TASK STATEMENT = What's needed is an exact retyping of the lines from the start of the listing up to and including the line with "Em seguida pegamos", minus any pictures.
***** DATA EXTRACT *****
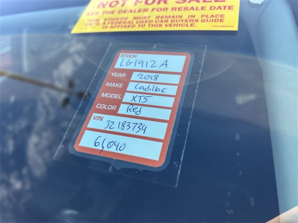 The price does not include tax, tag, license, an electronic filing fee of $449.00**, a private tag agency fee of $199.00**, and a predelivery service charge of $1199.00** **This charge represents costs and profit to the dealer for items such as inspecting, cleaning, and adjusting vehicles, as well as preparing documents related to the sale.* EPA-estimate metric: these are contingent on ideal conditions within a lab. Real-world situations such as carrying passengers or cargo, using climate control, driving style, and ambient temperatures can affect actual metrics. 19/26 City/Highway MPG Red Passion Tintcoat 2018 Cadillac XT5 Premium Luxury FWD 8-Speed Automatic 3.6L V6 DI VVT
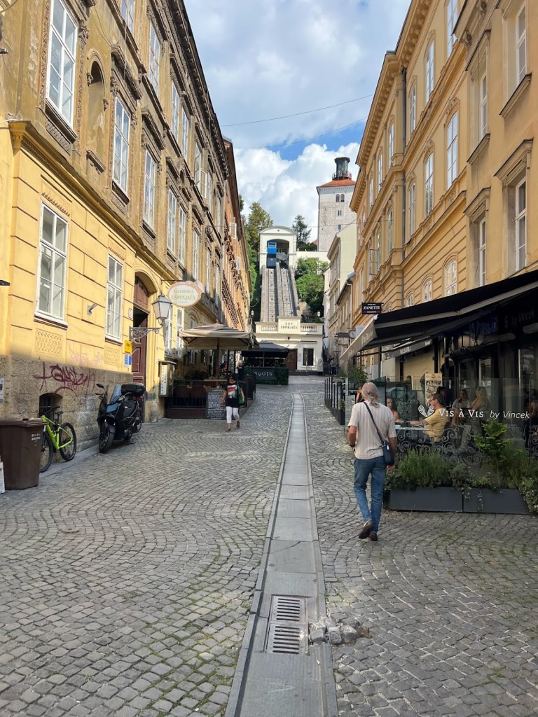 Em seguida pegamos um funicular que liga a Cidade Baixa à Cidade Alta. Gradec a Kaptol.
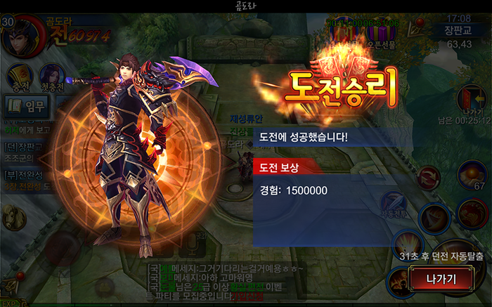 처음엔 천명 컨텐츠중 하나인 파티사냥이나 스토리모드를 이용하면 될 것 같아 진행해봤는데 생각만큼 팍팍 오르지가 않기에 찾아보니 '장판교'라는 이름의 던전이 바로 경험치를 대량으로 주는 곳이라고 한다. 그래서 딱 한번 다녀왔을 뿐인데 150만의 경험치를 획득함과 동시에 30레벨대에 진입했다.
*****
TASK SOLUTION =
 The price does not include tax, tag, license, an electronic filing fee of $449.00**, a private tag agency fee of $199.00**, and a predelivery service charge of $1199.00** **This charge represents costs and profit to the dealer for items such as inspecting, cleaning, and adjusting vehicles, as well as preparing documents related to the sale.* EPA-estimate metric: these are contingent on ideal conditions within a lab. Real-world situations such as carrying passengers or cargo, using climate control, driving style, and ambient temperatures can affect actual metrics. 19/26 City/Highway MPG Red Passion Tintcoat 2018 Cadillac XT5 Premium Luxury FWD 8-Speed Automatic 3.6L V6 DI VVT
 Em seguida pegamos um funicular que liga a Cidade Baixa à Cidade Alta. Gradec a Kaptol.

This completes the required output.